## Exercise description
From the listing below, output only the lines starting at the line that has "skinny latina enjoys" and ending at the line that has "- Intelligent App", exactly as they appear, ends included.

## Data for the task
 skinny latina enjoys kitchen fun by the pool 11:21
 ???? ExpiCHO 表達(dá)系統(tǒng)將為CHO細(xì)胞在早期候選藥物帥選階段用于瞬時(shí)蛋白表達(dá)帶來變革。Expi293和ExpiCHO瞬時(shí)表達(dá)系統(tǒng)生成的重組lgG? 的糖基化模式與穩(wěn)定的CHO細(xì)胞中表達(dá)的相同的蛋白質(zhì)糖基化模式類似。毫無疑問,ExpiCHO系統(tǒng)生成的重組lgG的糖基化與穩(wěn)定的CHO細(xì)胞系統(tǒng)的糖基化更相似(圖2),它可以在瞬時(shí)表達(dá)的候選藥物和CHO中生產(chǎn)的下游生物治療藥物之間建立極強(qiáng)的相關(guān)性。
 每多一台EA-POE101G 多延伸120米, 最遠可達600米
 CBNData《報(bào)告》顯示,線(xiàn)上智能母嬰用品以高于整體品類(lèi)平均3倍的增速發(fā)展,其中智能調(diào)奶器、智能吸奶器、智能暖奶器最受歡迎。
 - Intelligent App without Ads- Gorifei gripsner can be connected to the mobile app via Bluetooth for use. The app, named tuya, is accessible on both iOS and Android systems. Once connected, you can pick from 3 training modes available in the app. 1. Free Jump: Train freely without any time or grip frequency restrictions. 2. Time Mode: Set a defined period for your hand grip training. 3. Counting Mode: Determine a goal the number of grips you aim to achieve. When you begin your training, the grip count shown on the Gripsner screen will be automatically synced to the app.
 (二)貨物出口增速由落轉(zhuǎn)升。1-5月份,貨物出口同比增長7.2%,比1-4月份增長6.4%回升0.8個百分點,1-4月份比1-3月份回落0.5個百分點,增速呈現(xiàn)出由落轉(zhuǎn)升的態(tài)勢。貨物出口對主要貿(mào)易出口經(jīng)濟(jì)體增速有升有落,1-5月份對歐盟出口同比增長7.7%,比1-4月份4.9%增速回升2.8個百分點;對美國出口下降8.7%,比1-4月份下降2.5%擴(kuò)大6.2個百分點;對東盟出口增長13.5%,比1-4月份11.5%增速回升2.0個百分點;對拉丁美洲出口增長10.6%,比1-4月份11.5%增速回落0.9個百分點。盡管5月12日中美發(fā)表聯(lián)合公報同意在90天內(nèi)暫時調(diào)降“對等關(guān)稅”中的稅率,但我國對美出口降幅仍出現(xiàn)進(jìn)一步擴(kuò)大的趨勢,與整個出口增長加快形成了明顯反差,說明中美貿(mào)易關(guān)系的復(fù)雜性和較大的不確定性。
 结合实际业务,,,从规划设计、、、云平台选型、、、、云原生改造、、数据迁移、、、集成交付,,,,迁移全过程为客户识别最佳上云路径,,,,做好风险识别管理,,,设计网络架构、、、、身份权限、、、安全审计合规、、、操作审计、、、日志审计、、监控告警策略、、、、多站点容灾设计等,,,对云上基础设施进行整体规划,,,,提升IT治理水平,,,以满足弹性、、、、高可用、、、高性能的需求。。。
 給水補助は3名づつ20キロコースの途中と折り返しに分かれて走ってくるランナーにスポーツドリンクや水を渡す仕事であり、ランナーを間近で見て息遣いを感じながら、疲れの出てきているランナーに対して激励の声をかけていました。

---

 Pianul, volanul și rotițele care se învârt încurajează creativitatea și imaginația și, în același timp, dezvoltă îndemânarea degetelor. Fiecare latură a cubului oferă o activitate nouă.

## Task response
 skinny latina enjoys kitchen fun by the pool 11:21
 ???? ExpiCHO 表達(dá)系統(tǒng)將為CHO細(xì)胞在早期候選藥物帥選階段用于瞬時(shí)蛋白表達(dá)帶來變革。Expi293和ExpiCHO瞬時(shí)表達(dá)系統(tǒng)生成的重組lgG? 的糖基化模式與穩(wěn)定的CHO細(xì)胞中表達(dá)的相同的蛋白質(zhì)糖基化模式類似。毫無疑問,ExpiCHO系統(tǒng)生成的重組lgG的糖基化與穩(wěn)定的CHO細(xì)胞系統(tǒng)的糖基化更相似(圖2),它可以在瞬時(shí)表達(dá)的候選藥物和CHO中生產(chǎn)的下游生物治療藥物之間建立極強(qiáng)的相關(guān)性。
 每多一台EA-POE101G 多延伸120米, 最遠可達600米
 CBNData《報(bào)告》顯示,線(xiàn)上智能母嬰用品以高于整體品類(lèi)平均3倍的增速發(fā)展,其中智能調(diào)奶器、智能吸奶器、智能暖奶器最受歡迎。
 - Intelligent App without Ads- Gorifei gripsner can be connected to the mobile app via Bluetooth for use. The app, named tuya, is accessible on both iOS and Android systems. Once connected, you can pick from 3 training modes available in the app. 1. Free Jump: Train freely without any time or grip frequency restrictions. 2. Time Mode: Set a defined period for your hand grip training. 3. Counting Mode: Determine a goal the number of grips you aim to achieve. When you begin your training, the grip count shown on the Gripsner screen will be automatically synced to the app.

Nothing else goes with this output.